俺はロボットのように身体が硬くなるの感じた。

すると、彼女は突然立ち上がり俺の目の前に。
コーヒーをコクリと飲み小さく息を吸い込んだ。

「私も、ずっと見てました。いつの間にか浅野君の事ばかり考えている自分がいました。私の方こそ宜しくお願いします。」

断られるのかもという不安のせいだったのか、身構えていた俺の耳には素直に言葉が入ってこなくて。

「浅野君?」
俺の名前を呼ぶ彼女。

彼女の気持ちが知りたくて。
はっきり聞きたくて。
まさか、友達からって事は……ありえるかもしれない。

付き合うって友達じゃなくて、佐伯さんの事彼女って思っていいんだよね。

心の中で考えた事が口に出ていたようで佐伯さんは

えっ

と言った。
やっぱり俺の勘違いなのか?
もう一度聞いてみた。

「俺、期待していいんだよね。それって友達としてじゃなく……付き合ってくれるってとってもいいんだよね。」
不安を映し出すように小さな呟きともとれる声だった。
そんな俺の問いかけに佐伯さんは意外な答えを

「私でいいの?」
と真っ直ぐ俺をみてそう言った。

「佐伯さんがいいんだ、佐伯さんじゃなくちゃ。」
必死になって答える。
心を落ち着かせるように空を見上げ、佐伯さんの答えを待った。


「はい。

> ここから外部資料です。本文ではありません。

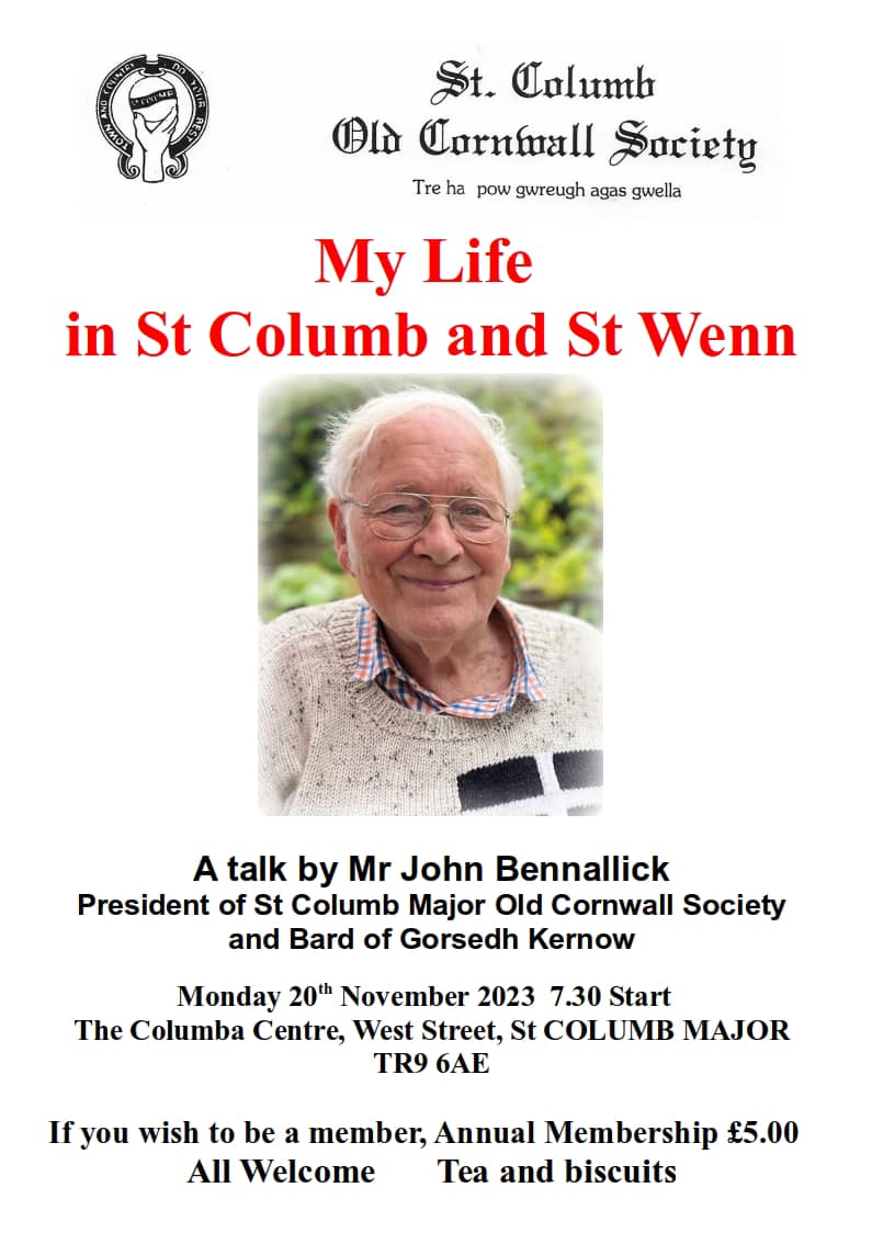 Luxulyan Memorial Institute Luxulyan, Bodmin, Cornwall, United KingdomAll welcome to attend, Members Free, Visitors £2 New Members welcome, annual subscription £6 Refreshments provided For further details, please see either the Luxulyan and District Old Cornwall Society or […]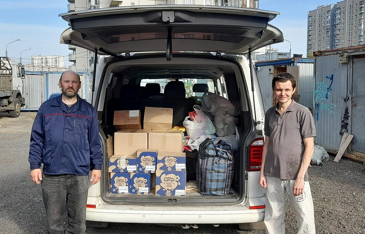 добровольцы упаковали и отвезли в штаб по сбору гуманитарной помощи «Москва Помогает» по адресу ул. Варшавское шоссе, дом 76, корпус 2.

私で良かったら、宜しくお願いします。」
佐伯さんはそういって、一旦空を見上げこちらを向いた。
その時、涙が一粒零れ落ちた。

愛しい。
これがどこから沸いてくる感情なのかは解らないけれどそう思わずにはいられない。
そして頭で考えるよりも先に彼女、佐伯さんを抱きしめている自分がいた。
会う事さえも儘ならかった彼女を。

思わず
「俺も泣きそう。」
と口にしてしまった。
かっこ悪いだろ、いくらなんでも。

「浅野君?」
佐伯さんの声に我に返る。
思わず抱きしめてしまった腕を慌てて放した。

そしてまたかっこ悪い一言を
「ごめん、嬉しくってつい……」
きっと俺の顔は赤いに違いない。
まだ腕に残る彼女の感触。

これからは一緒にいられる。
只彼女を捜すだけの毎日が終わるんだ。

俺の前ではにかんで笑う彼女を見つめていた。

これからずっとこの笑顔を近くで見れる。
幸せな時間の始まりだった。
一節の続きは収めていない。